Nah, if I’ve got a six month delay between the experience of this event and its recounting, I should do it right. This is a catchy chorus, and it could have been a single were it not for all the mind-clattering brilliance of the Hutchence-penned tunes sharing its album’s real estate. I checked out the original 1966 version of this song, if only for journalistic closure on my part. Goddamn. First off, this one is in 3/4 time. The vocalist has an early Van Morrison proto-punk voice. I give it a solid thumbs-up, and it makes me appreciate even more the way the band INXSorized it.

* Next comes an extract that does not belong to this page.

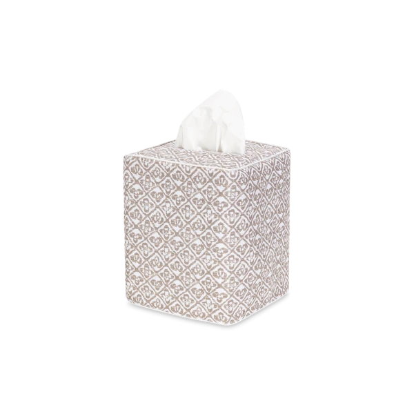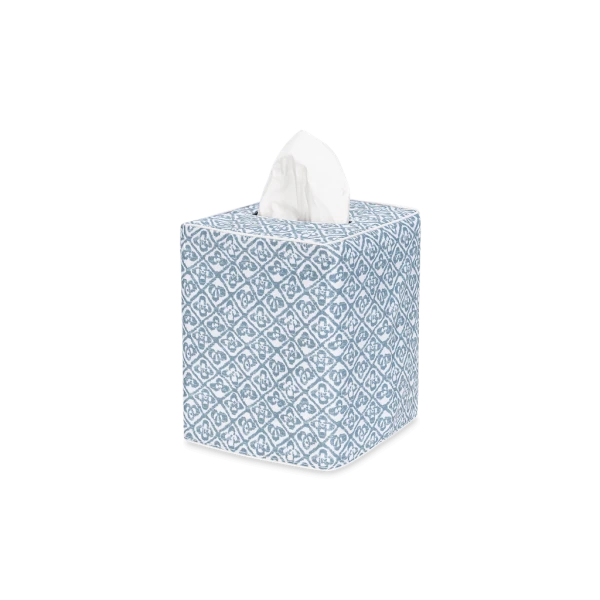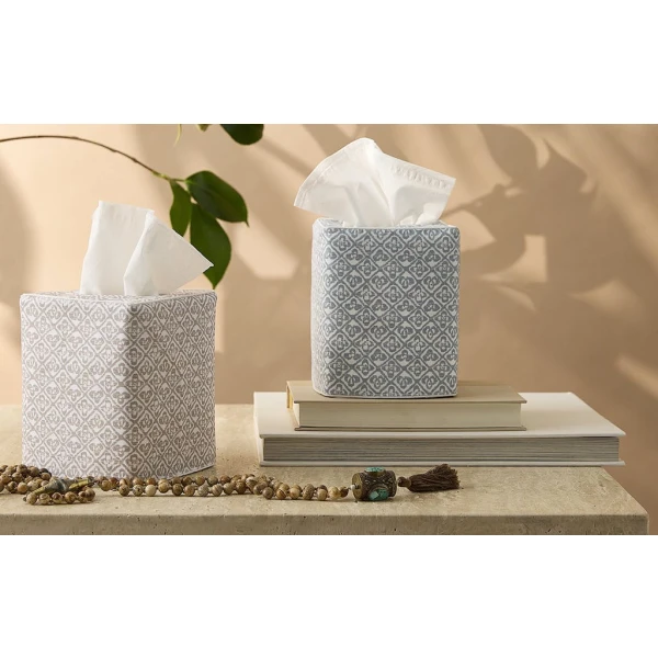Matouk's Catarina Tissue Box Cover has a small-scale, delicately faded quatrefoil motif. Schumacher's fabric archive comes to life across the smooth Luca percale, introducing a rich textural geometry. Available in a choice of vintage-inspired colors. Luca 500 thread count Egyptian cotton percale. The perfect finishing touch for bedrooms and bathrooms. 100% Egyptian cotton outer shell with 100% linen lining. Made in the Philippines of fabric from Italy.

“Wild Life” might be the first album track that sounds like an album track. A very INXSified beat, with a few inflections that one recognizes as populating their big hits. While I’m tempted to use “Wild Life” as a parallel to the screaming children, I’ll instead point to the actual wildlife that was carved into pumpkins around us. The organizers clearly made a point of taming the Halloween element to keep it family-friendly and that worked. One doesn’t need to fear that they may experience a terror-induced bowel-release in order to enjoy the holiday, right?
“Never Tear Us Apart” borrows a page from Stevie Wonder’s 70s playbook by using synthesizers to simulate an orchestral arrangement. This is the most cinematic song on the album, and in this humble yutz’s opinion it contains the best sax solo. So how does it tie in to pumpkin-fest? Well, it doesn’t… except for the reality that I will never be torn apart from the delightful date I was with. Seriously – she put up with chilled temperatures and a strange fruit-themed night for me. She’s gold.

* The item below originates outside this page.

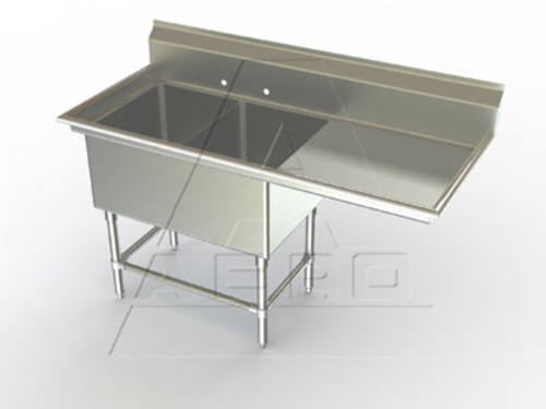 Aerospec™ Sink, two compartment, 68-1/4"W x 36"D x 42-1/2"H, 14/304 stainless steel construction, (2) 20"W x 30" front-to-back x 14" deep fabricated compartments, 24" drainboard on right, 10"H backsplash, 8" OC splash mount faucet holes, raised rolled edges on front & sides, fully welded stainless steel gussets, 16/304 stainless steel legs with front & side cross bracing, adjustable stainless steel feet, Aero Hemmed Safety Edge™, KD, NSF

“Mystify” is the lone single from this album to see a release in 1989. At this point they were getting cocky, just popping any random track onto a 45 and declaring it to be worthy of being a hit. Except they were right. The song kicks ass, and its DNA is just a smidgen jauntier and boppier than the rest of Kick. This song is to Kick what the Day Of The Dead display (see the bottom of the article) was to Pumpkins After Dark – a surprising snippet of beauty that somehow stands out from the rest.
“Kick” is one clever guitar hook away from being another hit single. I like the notion that “sometimes you kick, sometimes you get kicked”, but we stopped short of actually kicking any of the pumpkins around us. I will point the reader once more to my metaphorical muse-kick though… when one’s voice runs dry there simply ain’t nothing else to do but to do. My words shall be kicked no more.
“Calling All Nations” does have some hooky guitar work, but the pseudo-rapping through the verses may have been better if traded for a melody of some kind. They can’t all be out-of-the-park winners, right? While we did catch a glimpse of the live-carved Medusa above, it sat among a pile of less impressive contenders. As for the closing number, “Tiny Daggers,” it’s not even close to being the catchiest song on side 2, but that’s alright. The energy is up, and really the energy on this entire album never dips below a 7/10. The same can be said for the Pumpkin show – at no time did it get dull.
Let the dates keep a-rollin’. We’ve got at least 996 more things to get to.